#### Material provided ####

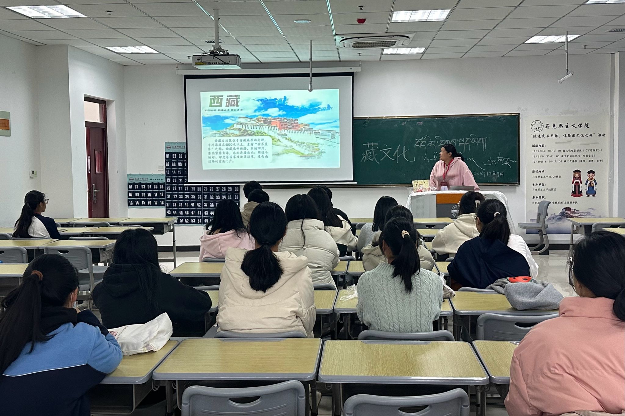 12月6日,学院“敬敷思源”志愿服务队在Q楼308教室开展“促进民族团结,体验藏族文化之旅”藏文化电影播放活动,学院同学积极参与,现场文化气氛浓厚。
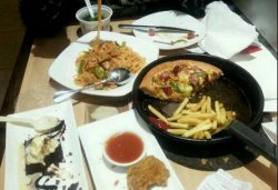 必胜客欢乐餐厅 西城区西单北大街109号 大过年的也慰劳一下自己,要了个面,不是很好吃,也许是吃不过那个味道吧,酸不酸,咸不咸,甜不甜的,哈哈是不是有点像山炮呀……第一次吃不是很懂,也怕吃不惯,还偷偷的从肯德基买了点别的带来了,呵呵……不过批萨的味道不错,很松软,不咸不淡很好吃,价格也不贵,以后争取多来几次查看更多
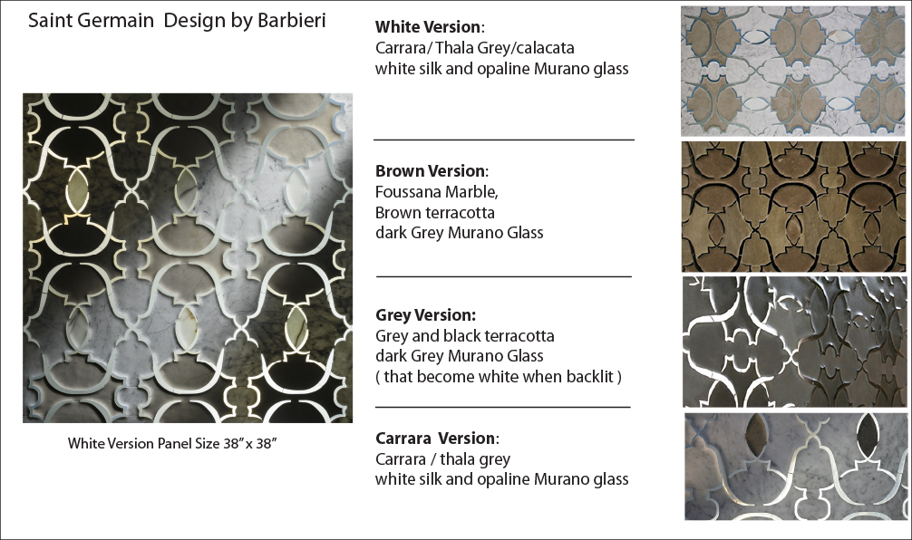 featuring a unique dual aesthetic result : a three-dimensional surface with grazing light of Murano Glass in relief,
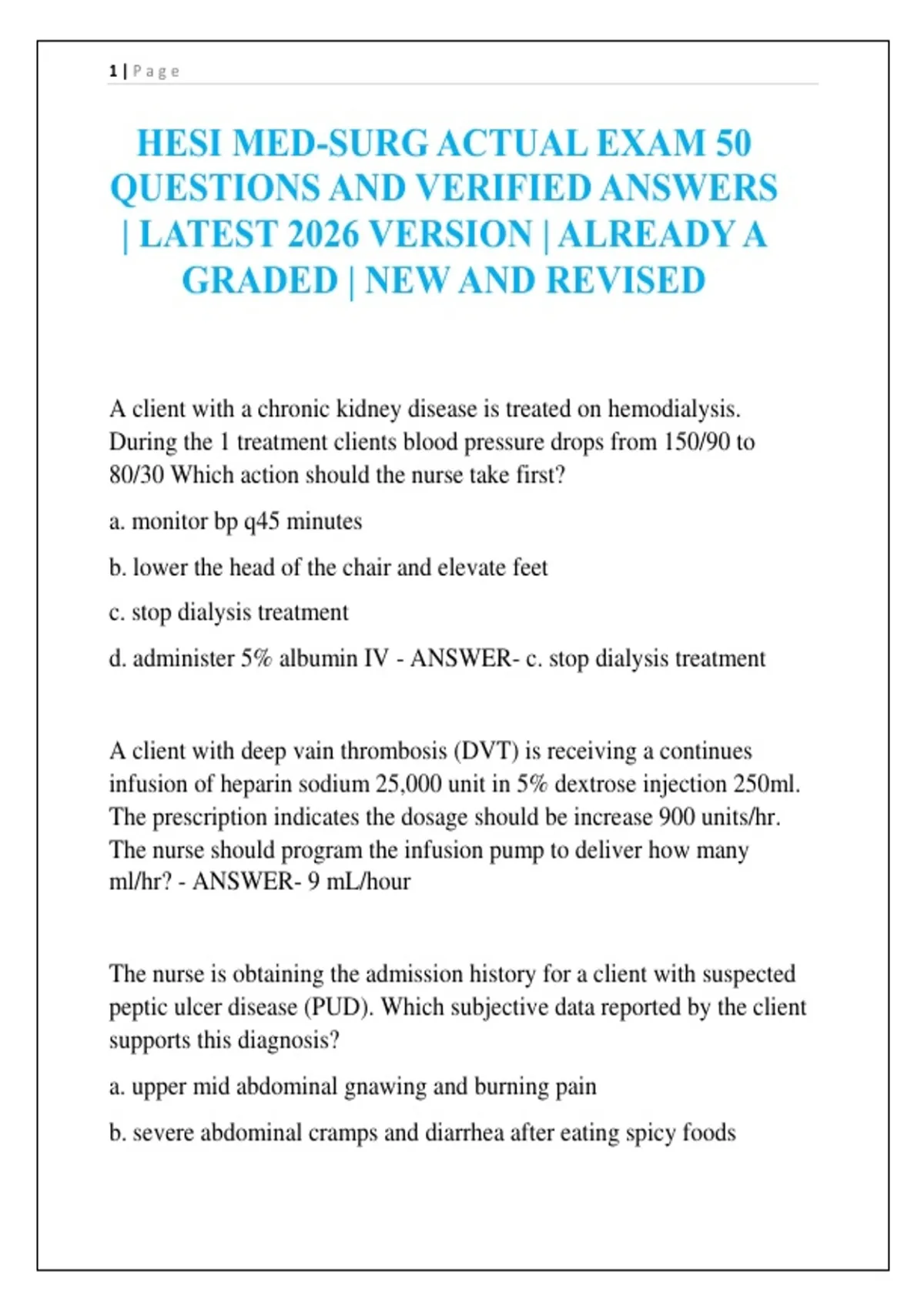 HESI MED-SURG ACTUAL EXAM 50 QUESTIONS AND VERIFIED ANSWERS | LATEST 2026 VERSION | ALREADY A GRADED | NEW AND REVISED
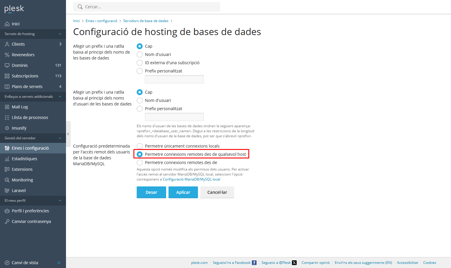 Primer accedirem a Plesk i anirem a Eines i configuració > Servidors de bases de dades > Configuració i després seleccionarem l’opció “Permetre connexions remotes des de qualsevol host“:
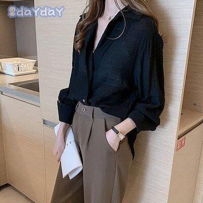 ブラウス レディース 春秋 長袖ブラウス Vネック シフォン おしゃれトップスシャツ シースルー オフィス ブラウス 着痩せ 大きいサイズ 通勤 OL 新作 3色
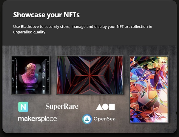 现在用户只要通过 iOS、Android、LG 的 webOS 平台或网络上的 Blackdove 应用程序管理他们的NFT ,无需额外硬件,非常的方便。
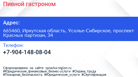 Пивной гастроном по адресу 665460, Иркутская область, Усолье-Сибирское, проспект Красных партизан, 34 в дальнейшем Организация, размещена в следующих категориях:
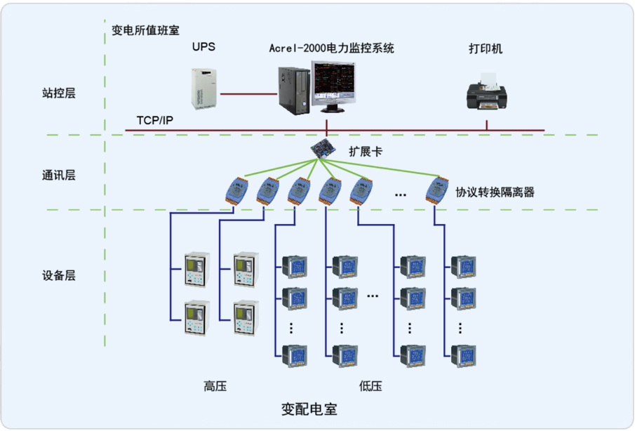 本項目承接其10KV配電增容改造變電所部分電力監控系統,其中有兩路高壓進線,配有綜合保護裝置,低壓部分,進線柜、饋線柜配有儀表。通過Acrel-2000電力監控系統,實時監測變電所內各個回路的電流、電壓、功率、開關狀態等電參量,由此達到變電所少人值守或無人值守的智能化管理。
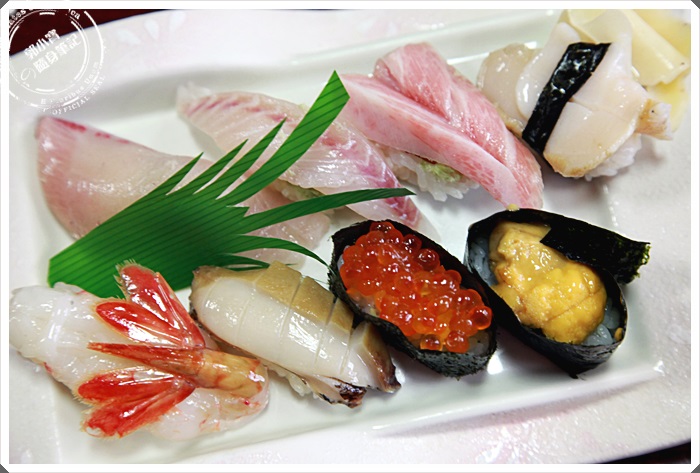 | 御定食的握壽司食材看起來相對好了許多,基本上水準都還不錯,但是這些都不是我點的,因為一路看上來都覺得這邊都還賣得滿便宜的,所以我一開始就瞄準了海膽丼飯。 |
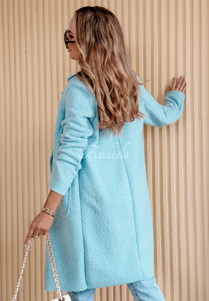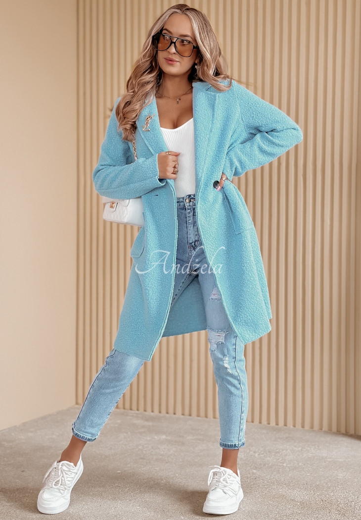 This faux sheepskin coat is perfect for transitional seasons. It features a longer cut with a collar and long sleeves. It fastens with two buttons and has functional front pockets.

####

What you are asked to do: Your answer must be an exact reproduction of all entries, containing no pictures.

Answer section:
 12月6日,学院“敬敷思源”志愿服务队在Q楼308教室开展“促进民族团结,体验藏族文化之旅”藏文化电影播放活动,学院同学积极参与,现场文化气氛浓厚。
 必胜客欢乐餐厅 西城区西单北大街109号 大过年的也慰劳一下自己,要了个面,不是很好吃,也许是吃不过那个味道吧,酸不酸,咸不咸,甜不甜的,哈哈是不是有点像山炮呀……第一次吃不是很懂,也怕吃不惯,还偷偷的从肯德基买了点别的带来了,呵呵……不过批萨的味道不错,很松软,不咸不淡很好吃,价格也不贵,以后争取多来几次查看更多
 featuring a unique dual aesthetic result : a three-dimensional surface with grazing light of Murano Glass in relief,
 HESI MED-SURG ACTUAL EXAM 50 QUESTIONS AND VERIFIED ANSWERS | LATEST 2026 VERSION | ALREADY A GRADED | NEW AND REVISED
 Primer accedirem a Plesk i anirem a Eines i configuració > Servidors de bases de dades > Configuració i després seleccionarem l’opció “Permetre connexions remotes des de qualsevol host“:
 ブラウス レディース 春秋 長袖ブラウス Vネック シフォン おしゃれトップスシャツ シースルー オフィス ブラウス 着痩せ 大きいサイズ 通勤 OL 新作 3色
 现在用户只要通过 iOS、Android、LG 的 webOS 平台或网络上的 Blackdove 应用程序管理他们的NFT ,无需额外硬件,非常的方便。
 Пивной гастроном по адресу 665460, Иркутская область, Усолье-Сибирское, проспект Красных партизан, 34 в дальнейшем Организация, размещена в следующих категориях:
 本項目承接其10KV配電增容改造變電所部分電力監控系統,其中有兩路高壓進線,配有綜合保護裝置,低壓部分,進線柜、饋線柜配有儀表。通過Acrel-2000電力監控系統,實時監測變電所內各個回路的電流、電壓、功率、開關狀態等電參量,由此達到變電所少人值守或無人值守的智能化管理。
 | 御定食的握壽司食材看起來相對好了許多,基本上水準都還不錯,但是這些都不是我點的,因為一路看上來都覺得這邊都還賣得滿便宜的,所以我一開始就瞄準了海膽丼飯。 |
 This faux sheepskin coat is perfect for transitional seasons. It features a longer cut with a collar and long sleeves. It fastens with two buttons and has functional front pockets.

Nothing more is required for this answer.